When it was time to head home, Storm walked me back to my car and was once again quietly lost somewhere in his thoughts as we slowly made our way to where I was parked. I wanted to ask what he was thinking, but I didn’t want to seem nosy, so I kept my mouth shut until we reached my car. “Well, this is me. Thanks for walking me out and for-”

“Do you think maybe you’d want to go out with me sometime?” I was shell-shocked by his interruption. I didn’t think that it was something that he’d ask at all. Me? He wanted to go out with me. As in the woman’s version of Urkel?
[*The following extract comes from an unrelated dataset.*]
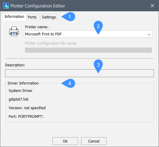 Im Dialog Plotterkonfiguration-Editor können Sie benutzerdefinierte PC3-Parameterdateien für Drucker und andere Ausgabegeräte erstellen und bearbeiten.

I rapid-blinked, obviously confused. “Huh?” I questioned, making him smile. “I’m asking you out on a date.” I wanted to ask him why and say yes at the same time, but my words caught in my throat, and all I was able to do was nod at him slowly. Seriously, I needed to stop humiliating myself. “Tomorrow night? Pick you up at six?” he asked, looking triumphant. “Date. Tomorrow. Six,” I robotically repeated before slowly getting inside the car because I seriously didn’t know how I was going to react. I wanted it, but at the same time, I didn’t believe even for a second that he’d want to go out with me.

I then drove out of the parking lot, glancing at the rearview mirror every now and then. Storm just asked me out. Was this real, as in, for real, real? I glanced back once more and noticed he was still standing there. I still couldn’t believe what had just happened. “Oh, my God, Storm just asked me out!” I gleefully screamed as I continued to drive away.